In our fourth episode, we run head-long into a family’s story of cocaine, race, and ambition in the New South. They say truth is often stranger than fiction and this true story of a drug dealer’s life in Charlotte is no exception. The book is called Money Rock and in it, author Pam Kelley pulls back the curtain to reveal a Charlotte history that is little known and not discussed enough.
In our fifth episode, we meet author Gilda Syverson, a member of a large Italian-American family from upstate New York that she says grows exponentially each year. This large Italian-American family has its roots in Sicily, which led to Gilda’s quest to learn more about her past and to her award-winning memoir: My Father’s Daughter: From Rome to Sicily.
In our sixth episode, we meet Randell Jones, author of several non-fiction books, including In the Footsteps of Daniel Boone, Before They Were Heroes at Kings Mountain andFrom Time to Time in North Carolina. Randell reads an inspiring account about the battle of Kings Mountain, which turned the tide in the Southern campaign to win the revolutionary war and then takes us into the backcountry with readings about Daniel Boone.
In our seventh episode, we meet author Rosie Molinary, activist for low-income families and young Latinas and author of many writings featured in a wide variety of magazines. Rosie first reads from her book: Hijas Americanas: Beauty, Body Image and Growing Up Latina. She then expands on her message of being true to one’s self in Beautiful You: A Daily Guide To Radical Self-Acceptance.
In our eight episode, we meet Bud Schill, co-authorof Not Exactly Rocket Scientists and other stories. The book is what it sounds like, fun and entertaining stories about boys doing stupid things. As Pat Conroy said, it’s “A great book about friendship, growing up in the fifties and a lost America that will never come again.”

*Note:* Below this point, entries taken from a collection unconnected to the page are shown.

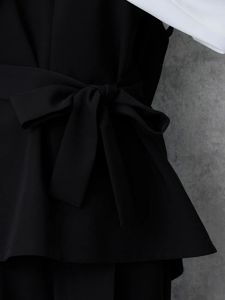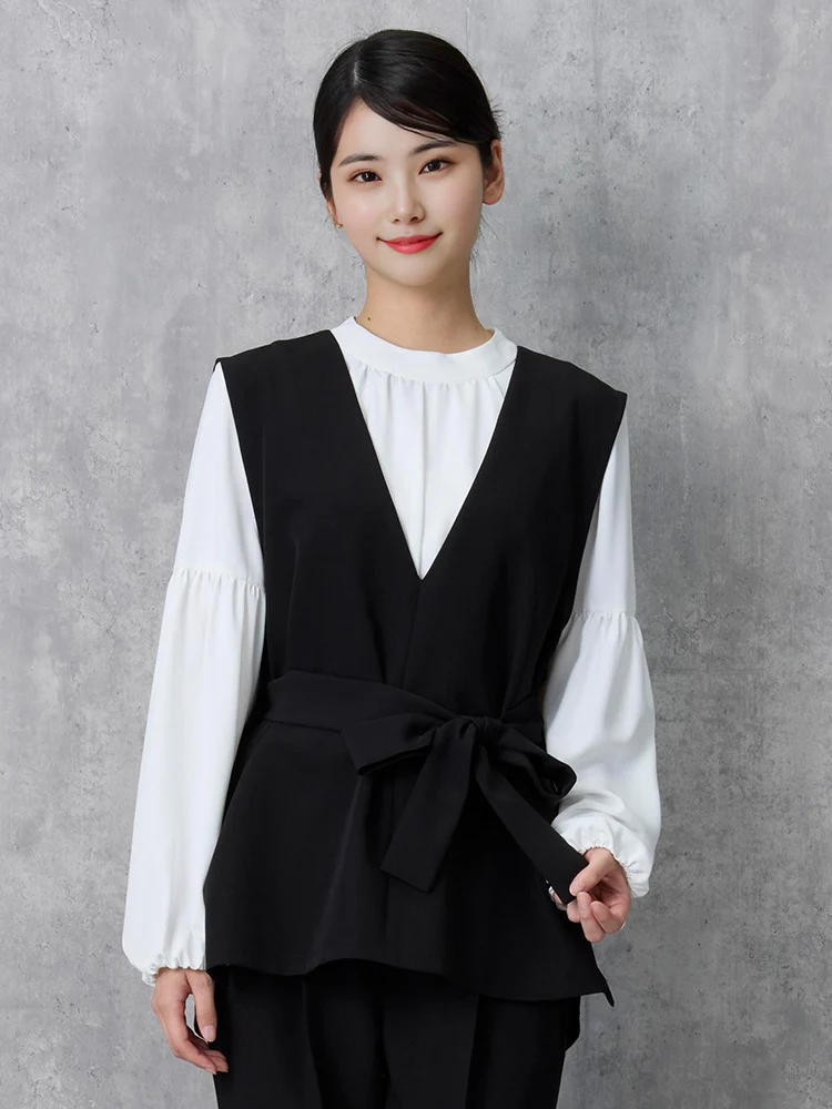 ジレは身体のラインを拾いすぎないスペックで、ウエストリボンデザインで体型カバーにも◎
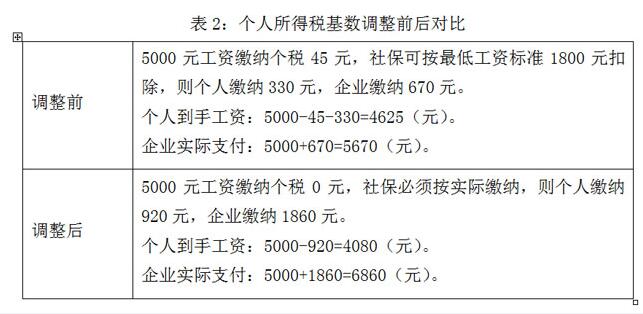 對比結論:上調個稅基數后,個人實際收入減少,4080元<4625元;企業實際負擔增加,6860元>5670元。
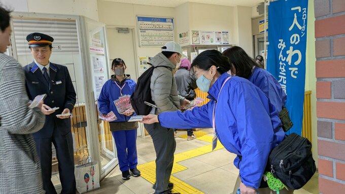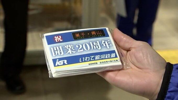青山駅では18日午前7時から、IGR関係者や地域住民らが開業を記念したデザインのポケットティッシュを配り、利用者に感謝の気持ちを伝えました。
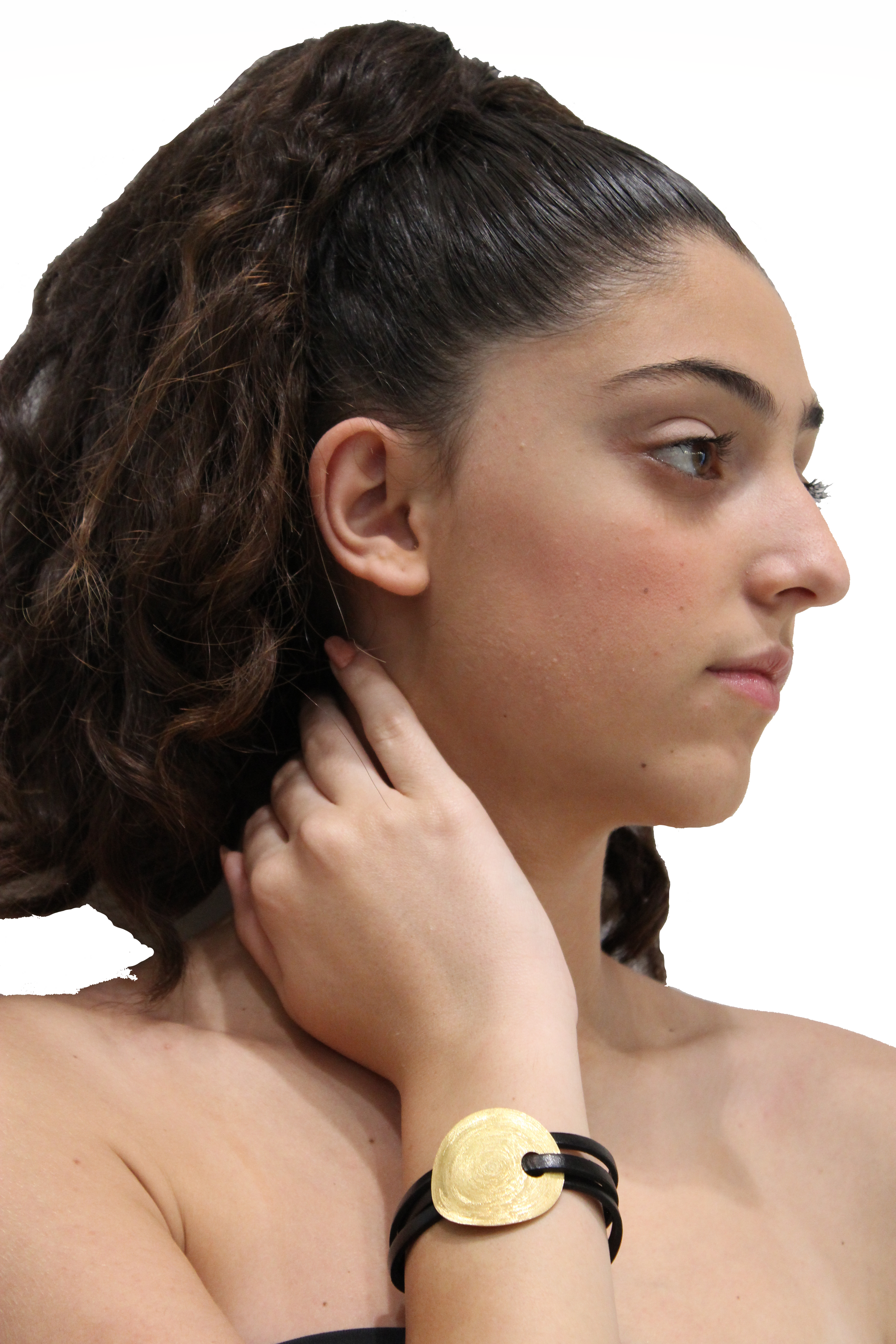 Bracelet three strands in leather and central round shape in silver 925 gold plated diamond cut
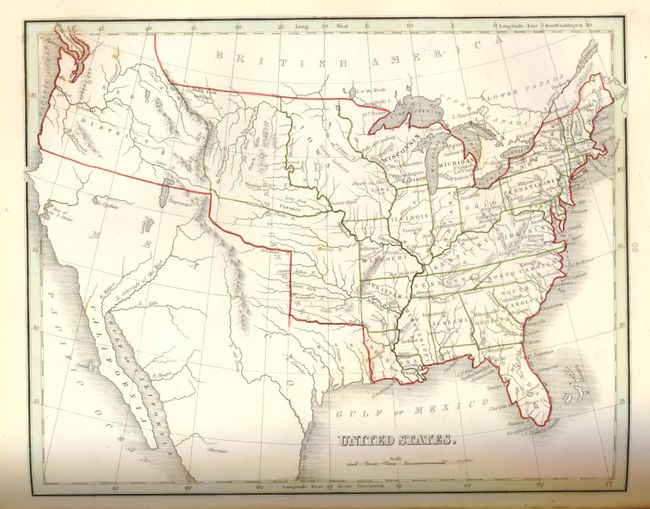 This edition contains an updated version of the Bradford's Texas map, numbered 66.A., with counties shown instead of land grants, Austin as capitol, and absence of "Mustang Wild Horse Desert" in south Texas. On this Republic of Texas map, the southwestern boundary is still delineated by the Nueces River but the map shows San Patricio County extending south from the Nueces to below the Rio Grande, thus an exertion of its claim to include lands north of the Rio Grande as its border with Mexico. With the accompanying Republic of Texas text page. Texas is also shown and labeled as an independent nation on the map of North America, and implicitly as such on the maps of Mexico, Guatemala and the West Indies (with Austin shown as capitol); the map of the United States; and Western Hemisphere.
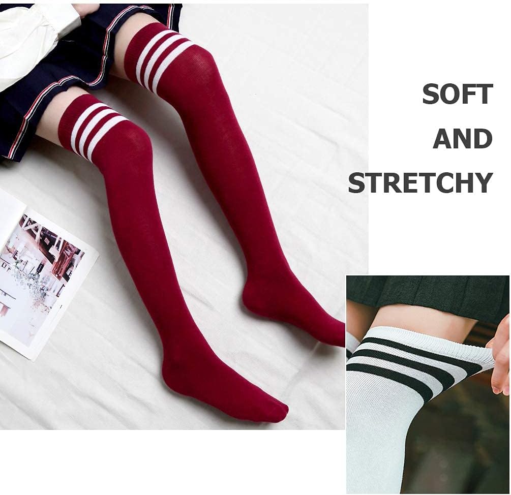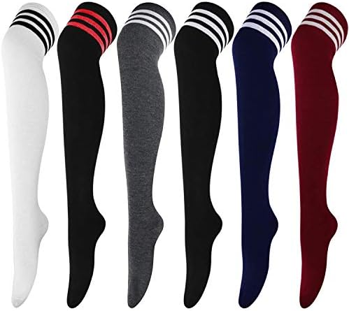 DRESHOW 6 Pairs High Thigh Socks Striped Over Knee Thin Tights Long Stocking Knee High Leg Warmer
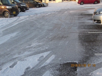今朝の道路の状態・・・。氷点下の気温。・・・総合的に考えれば・・・
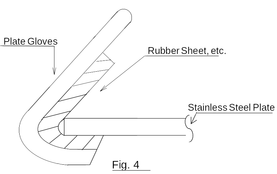 When stainless steel plate is lifted, rubber sheet or other suitable pad shall be provided between plate and plate gloves to prevent direct contact.

In our ninth episode, we meet author Nora Gaskin, who takes us behind the scenes of a true crime story about a murder in Chapel Hill in the 1960s, with her book, Time of Death, and then reads from her recent book, The Worst Thing. With Nora’s help, we dive headfirst into the realm of suspense, where there is no mystery about who is the deranged perpetrator, just a lot of angst about how things are going to turn out.
In our tenth episode, author Bryn Chancellor takes us into the world of literary fiction. She starts with a story called “All This History at Once” from her collection of short stories that won the Prairie Schooner Book Prize, and spends the rest of the show reading from and discussing her novel, “Sycamore.” It’s a mystery about a girl who disappears, told with some lyrical twists.
In our eleventh episode, author Cathy Pickens, a mystery writer turned true crime aficionado, reads first from her book about ghostly haunts of Charleston, South Carolina and finishes with stories about sensational crimes committed over the years in Charlotte. She reads and discusses stories about murdered bikers, fraudulent evangelists, a serial killer, the infamous Loomis Fargo heist and a woman tried in the 1920s called Razor Girl.
In the twelfth and final episode of the season, we spend time with author Ann Campanella, twice recipient of the Poet Laureate Award from the North Carolina Poet Society. Ann reads a poem called “How to Grieve,” and then follows this poem with readings from and discussion about her award-winning memoir: Motherhood: Lost and Found. The book reveals the emotional journey she took with a mother who suffered from Alzheimers, while dealing with the difficulty of having a baby given her predisposition to miscarriage.